Eurozone giants Germany and France vowed to propose changes to EU governing treaties yesterday, but Chancellor Angela Merkel stood by her refusal to widen the European Central Bank’s role.

France had urged Berlin to allow the ECB to become a lender of last resort, with the firepower to protect debt-ridden eurozone members from falling victim to the bond markets, but the German leader stood firm at crisis talks.

President Nicolas Sarkozy of France and Prime Minister Mario Monti of Italy stood by her side at a news conference in Strasbourg as she repeated her line, which observers and traders have warned could threaten eurozone survival.

“The French President has just underlined that the European Central Bank is independent,” Mrs Merkel told reporters in the eastern French city.

“So the eventual modifications to the treaties will not concern the duties of the ECB, which concern monetary policy and monetary stability,” she added.

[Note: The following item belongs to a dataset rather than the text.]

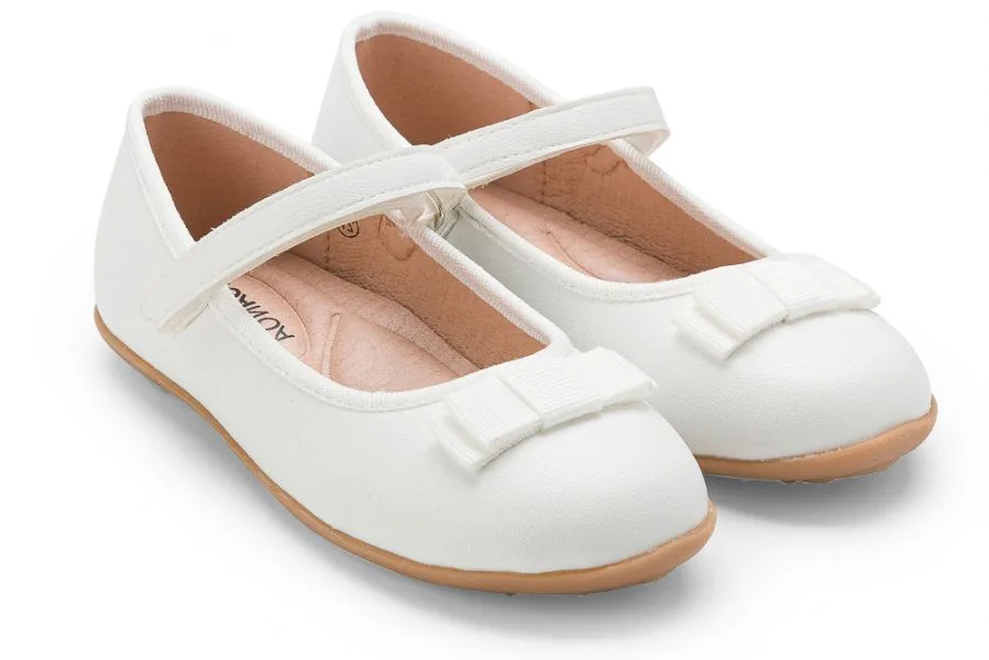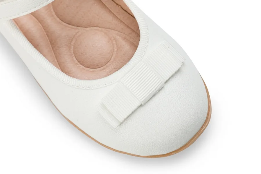נעלי בובה בלרינה לילדות פפיון לבן במידות 25-32

With a tight smile, Mr Sarkozy agreed that: “All three of us said that with respect for the independence of this institution, one should refrain from positive or negative demands of the ECB.”

Earlier, however, Mr Sarkozy’s senior ministers had made it clear that Paris was pushing for a change in the ECB’s role, which Berlin insists must remain limited to controlling inflation and not bailing-out insolvent states.

“It is urgent,” Foreign Minister Alain Juppe said. “The situation is serious. We must not underestimate its gravity.”

France’s Minister for European Affairs, Jean Leonetti, explained: “France eventually wants the European Central Bank to have the same role as the Federal Reserve in the United States. What’s going on is very abnormal.

“Why is the euro under attack? It’s simple. In the United States there’s a Federal Reserve. Europe has the European Central Bank, but the European Central Bank does not buy up sovereign debt if needed,” he argued.

Germany, while holding out firmly against such an expansion of the ECB’s role, is calling for changes to European treaties to enforce greater budget discipline on its heavily indebted partners.

Mr Sarkozy said that he and Ms Merkel would work on a package of reforms in coming days, and present it to the Union as a whole at a December 9 summit.

Some EU allies warn that treaty changes will take too long and might prove politically impossible to enact if hard-pressed voters suffering austerity programmes or eurosceptic governments like Britain’s reject them.